Par un jugement n°s 2401841,2403153 du 20 mars 2025, le tribunal administratif de Nancy a annulé la décision implicite par laquelle la préfète de Meurthe-et-Moselle a refusé de délivrer à Mme B… un récépissé de demande de titre de séjour et a rejeté le surplus de ses conclusions.
Procédure devant la cour :
Par une requête enregistrée le 28 mai 2025, Mme B…, représentée par Me Jeannot, demande à la cour :
1°) d’annuler ce jugement du tribunal administratif de Nancy du 20 mars 2025 en tant qu’il a rejeté le surplus des conclusions de sa demande ;
2°) d’annuler l’arrêté du 9 août 2024 de la préfète de Meurthe-et-Moselle ;
3°) d’enjoindre au préfet de Meurthe-et-Moselle de lui délivrer un titre de séjour portant la mention « vie privée et familiale » ou « salarié », à défaut de réexaminer sa situation, dans un délai d’un mois à compter de la notification du présent arrêt, et dans l’attente, de lui délivrer une autorisation provisoire de séjour avec autorisation de travail ;
4°) de mettre à la charge de l’Etat le versement de la somme de 2 000 euros en application de l’article L. 761-1 du code de justice administrative et 37 de la loi du 10 juillet 1991 relative à l’aide juridique.
Elle soutient que :
- la préfète aurait dû saisir la commission du titre de séjour avant de statuer sur sa demande de titre de séjour ;
- le refus de délivrance d’un titre de séjour n’est pas motivé ;
- il est entachée d’un défaut d’examen de sa situation ;
- il est entachée d’une erreur de fait et d’une erreur de droit ;
- la préfète aurait dû examiner la demande au regard de son pouvoir discrétionnaire de régularisation ;
- elle a commis une erreur manifeste d’appréciation ;
- elle a méconnu les stipulations de l’article 6-5 de l’accord franco-algérien ;
- la décision est contraire aux stipulations de l’article 8 de la convention européenne de sauvegarde des droits de l’homme et des libertés fondamentales et de l’article 3-1 de la convention internationale relative aux droits de l’enfant ;
- la décision portant obligation de quitter le territoire est illégale en raison de l’illégalité du refus de titre de séjour ;
- elle méconnait les stipulations de l’article 3-1 de la convention internationale relative aux droits de l’enfant et des conséquences sur sa situation ;
- elle est contraire aux stipulations de l’article 8 de la convention européenne de sauvegarde des droits de l’homme et des libertés fondamentales ;
- elle est entachée d’une erreur manifeste d’appréciation.
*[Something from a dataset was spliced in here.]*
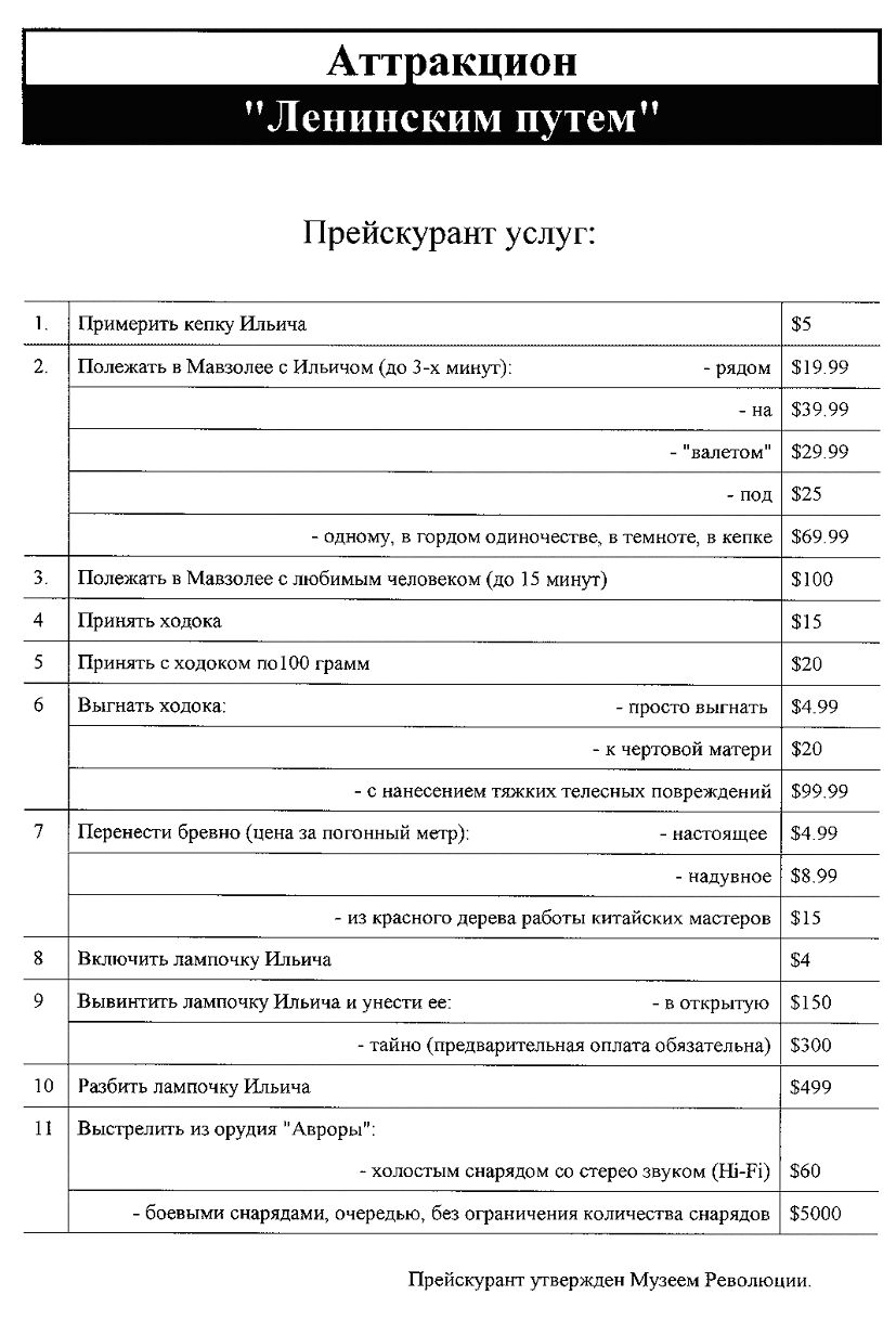 - Научить песдеть как Троцкий (почасовая - 15 долларов) - Отучить песдеть как Троцкий (почасовая - 30 долларов) - Написать письмо съезду (литературно - 300 долларов) - Написать письмо съезду матерно-художественно (500 долларов) - Обучить КСиться в жанре литработ Ильича типа: ШГ вперед, два ШГ назад..(почасовая - 100 долларов), - Фотосъемка "ню" в стиле "Ленин в Октябре", "Ленин в январе" и т.п. в другие сезоны с и без фотошопа (50/100 долларов). - Оргия в стиле "Ленин в Польше" с привлечением художников для запечатления (500 долларов). - Для дантистов отдельно ролик в стиле Ильич с замотанной челюстью беседует с народом перед кабинетом дантиста (5000 долларов) - Для чаеводов: Вова отправляет солдата за эКСклюзивным чаем (5000 д.) - Для монгольских коммерсантов (СухэБатор и Ленин составляют бизнес-план), ролик - 5000 долларов. - Порноролик: наш ответ Керзону и Чемберлену - 50 тыс.долларов. - Порноролик: Как нам реорганизовать Рабкрин - 50 тыс. долларов. - Порноролик: от Крупской к Арманд - 100 тыс.долларов Организация мировой революции с реквизицией у Америки Форт-НоКСа и передачи его габочим и кгестьянам - 100000000000000000000000000000 долларов

Par un mémoire en défense enregistré le 6 mars 2026, le préfet de Meurthe-et-Moselle conclut au rejet de la requête.
Il soutient que les moyens de la requête ne sont pas fondés.
Mme B… a été admise au bénéfice de l’aide juridictionnelle totale par décision du 24 avril 2025.
Vu les autres pièces du dossier.
Vu :
- la convention européenne de sauvegarde des droits de l’homme et des libertés fondamentales ;
- la convention relative aux droits de l’enfant, signée à New York le 26 janvier 1990 ;
- l’accord du 27 décembre 1968 entre le Gouvernement de la République française et le Gouvernement de la République algérienne démocratique et populaire relatif à la circulation, à l’emploi et au séjour en France des ressortissants algériens et de leurs familles ;
- le code de l’entrée et du séjour des étrangers et du droit d’asile ;
- la loi n° 91-647 du 10 juillet 1991 ;
- le code de justice administrative.
Le président de la formation de jugement a dispensé la rapporteure publique, sur sa proposition, de prononcer des conclusions à l’audience.
Les parties ont été régulièrement averties du jour de l’audience.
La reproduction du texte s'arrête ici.